Weil 1. Datenbanklast und 2. mag der Anwender wohl net so gerne, wenn es die ganze Zeit "ruckelt und blinkt", weil die Ergebnisse sich wohl in den ersten Buchstaben stark verändern.


----------



## Marcinek (4. Nov 2010)

jein du musst ajax verwenden um dynmisch html zu ändern.

Da du nicht der einzige bist, der das machen möchte, bin ich mir sicher, dass es dafür entsprechende Spring elemente gibt um das zu bewerkstelligen.

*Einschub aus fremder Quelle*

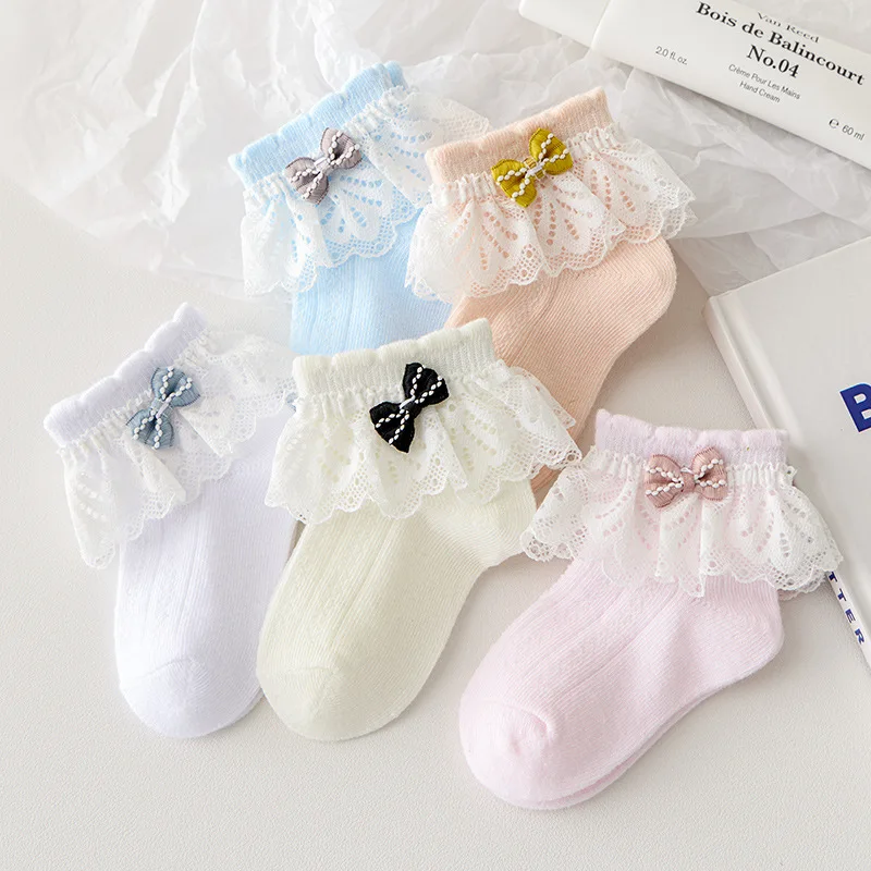 Novorozence děťátko krajka ponožky jaro léto hubený prodyšné pletivo ponožky pro dívčí 0-3yrs děti sladké mašle bavlna kněžna krátký ponožka

Maybe sollte man nicht instant result suchen sondern, 

Filter Result ajax with spring oder so


----------



## Generic1 (4. Nov 2010)

>> Da du nicht der einzige bist, der das machen möchte, bin ich mir sicher, dass es dafür entsprechende Spring elemente gibt um das zu 

Da war ich auch der Meinung, konnte aber bis jetzt nichts finden, deshalb der Thread.
lg


----------



## Marcinek (4. Nov 2010)

Ajax Simplifications in Spring 3.0 | SpringSource Team Blog

und weitere Ungefähr 4.340.000 Ergebnisse (0,13 Sekunden) 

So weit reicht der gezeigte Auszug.